Kanoho described Kapaa — the largest town on the Coconut Coast — as “a little of this, a little of that.” There, residents and visitors alike intermingle at hangouts like Small Town Coffee and Pizzetta’s Italian Family Restaurant. A new eatery called The Eastside presents live music on most evenings, while Scotty’s Beachside Barbeque draws crowds with its views as well as its food. Coconut Marketplace, a major shopping center in the destination, continues to prove popular with visitors despite the fact that its movie theater closed in 2007.
New on the Coconut Coast is Ke Ala Hele Makalae (The Path That Goes by the Coast), a federally funded 17-mile, multi-use trail system that will eventually connect the island’s main city of Lihue with Anahola to the north.
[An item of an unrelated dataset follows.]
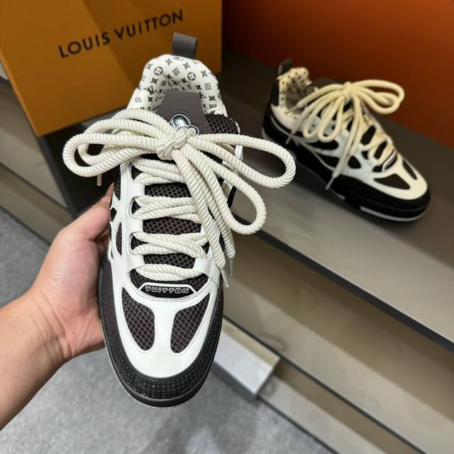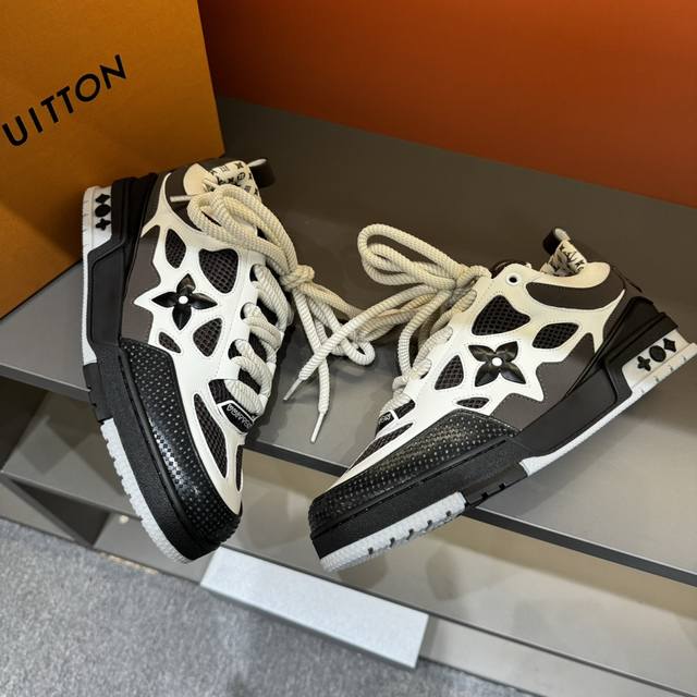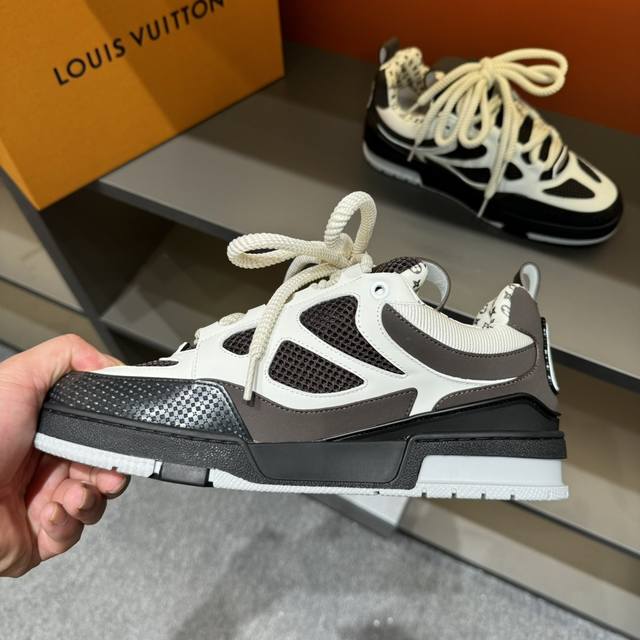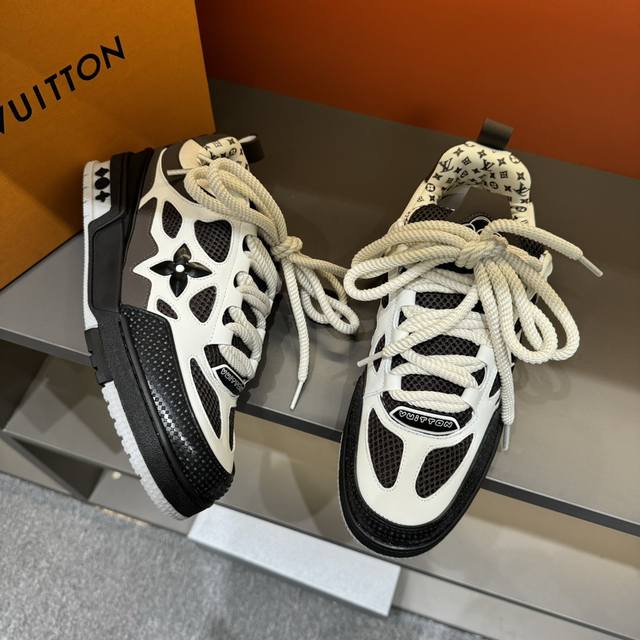 Sizes 38-46 L*Skate Sneakers. This LV Skate sneaker combines Monogram denim with a technical mesh upper, featuring technical laces and a rubber outsole, showcasing the striking style of the 1990s. The padded collar and tongue continue the iconic elements, with the "Lv Since 54" logo representing Louis Vuitton's founding year of 1854. The Monogram floral embellishment on the rubber outsole is crafted from top-grain leather and high-tech fabric, with a contrasting rubber toe cap and mesh lining with cotton padding, ensuring unparalleled comfort. A timeless classic, prioritizing quality, and a worthy addition to any collection.

An activity company called Coconut Coasters recently began renting bikes and bike accessories for visitors to take advantage of two completed portions of the bike path, including 2½ miles in Lydgate Park and 4½ miles to Kealia.
Kanoho said the Coconut Coast visitor industry is keeping competitive in the face of the economic downturn.
“The recent brand switch from ResortQuest to the well-known and respected Aston Hotels & Resorts name put a lot of smiles on people’s faces, since there are three Astons in this area,” she said. “The Kapaa Business Association has been meeting more frequently, recognizing that road improvements are important for both residents and visitors. And, some properties are viewing this dip in the economy as a chance to make improvements.”
As Kanoho considers the success of initiatives like Ke Ala Hele Makalae, she feels positive about the future of the Coconut Coast.
“My hope is that the area keeps its small-town flavor while continuing to improve with projects that add to its character,” she said.